EDIT: found the first bug already (only converting the list/ not the numpy arrays)

dwhswenson · 2018-04-25T22:47:58Z

The Travis error is a py-3.4 error that has existed for a few weeks now. It looks like something goes wrong in the pandas install. That's not on you (exists independently of this PR), but you're more than welcome to investigate! I haven't had time.

On the CodeClimate stuff, I'm somewhat ambivalent. Things that better fit the current CodeClimate rules (relaxed from the defaults) are better, but I'm willing to make exceptions. Maybe try making use_atom_slice a class variable that defaults to True?
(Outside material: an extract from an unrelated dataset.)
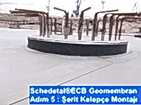 Adım 4 : Çelik kalıp içerisi dolgu uygulamasını takiben, radye temelden gelen ExtruBit® ECB veya ExtruPol® FPO geomembran ürünleri, ExtruSeam su tutucu profil malzemesine sıcak hava kaynağı ile birleştirilerek su sızdırmazlığı sağlanacaktır. Kazık başı su izolasyonu uygulaması sırasında epoksi esaslı grout veya poliüretan esaslı sürme su yalıtım ürünlerinin kullanılması önerilmemektedir. Epoksi veya poliüretan esaslı ürünler negatif yönden gelen su basıncına karşı dayanımlı değildir.

That way we can turn it off for more thorough testing, but you don't increase argument count. That also removes cognitive complexity from ContactObject.__init__. I'll take a closer look at the complaints about ContactObject.contact_map and offer suggestions later (possibly offline). Obviously, you intend to fix your TODOs, so I'm not worried about those.

Finally, don't worry about serializing use_atom_slice. I take the view that things that only affect the performance, not the actual output, don't need to be serialized. We expect that this should be that sort of situation.
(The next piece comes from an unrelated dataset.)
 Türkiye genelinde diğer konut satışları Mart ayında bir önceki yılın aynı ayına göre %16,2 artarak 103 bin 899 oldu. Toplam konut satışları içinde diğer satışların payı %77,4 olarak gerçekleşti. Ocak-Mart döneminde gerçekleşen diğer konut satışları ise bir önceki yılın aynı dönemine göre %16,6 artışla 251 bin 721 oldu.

sroet · 2018-05-15T21:39:04Z

Alright, I benchmarked everything in contact_map.ipynb. The atom slicing adds some overhead but is faster for most situations, on my system (default slices 2722 atoms to 1408):

The single atom_slice per ContactMap or ContactFrequency: adds about 0.4 s. This scales with the number of atoms left after the slicing. It however does not scale with the length of the trajectory (as long as both the original and sliced trajectory fit in memory)
The computation time of the neighborlist reduces by the relative amount of atoms sliced, from 0.02 s to 0.01 s per frame for the defaults
The conversion of the neighborlist to the original indices adds about 0.01 s per frame for the default settings, this also time reduces if less atoms are left after slicing

Even for this trajectory without waters using atom_slice performs better for almost everything in the example, except for the ContactMap (110 ms to 516 ms because of the single 0.4s overhead) and the ContactFrequency with only a different query and no different haystack (2.87s to 3.18s). On the other hand for the example where both the query and haystack are defined (slicing the system down to 90 atoms) it is much faster (2.71s to 348ms).

Seeing this I would argue that use_atom_slice=True should be the default for both ContactMap and ContactFrequency. What is your opinion on this @dwhswenson ? And could you see if these benchmarks hold up you?

sroet · 2018-06-01T11:16:15Z

@dwhswenson This is ready for some benchmarking. I don't expect the working of the code to change, I only need to write extra documentation/tests and update the example.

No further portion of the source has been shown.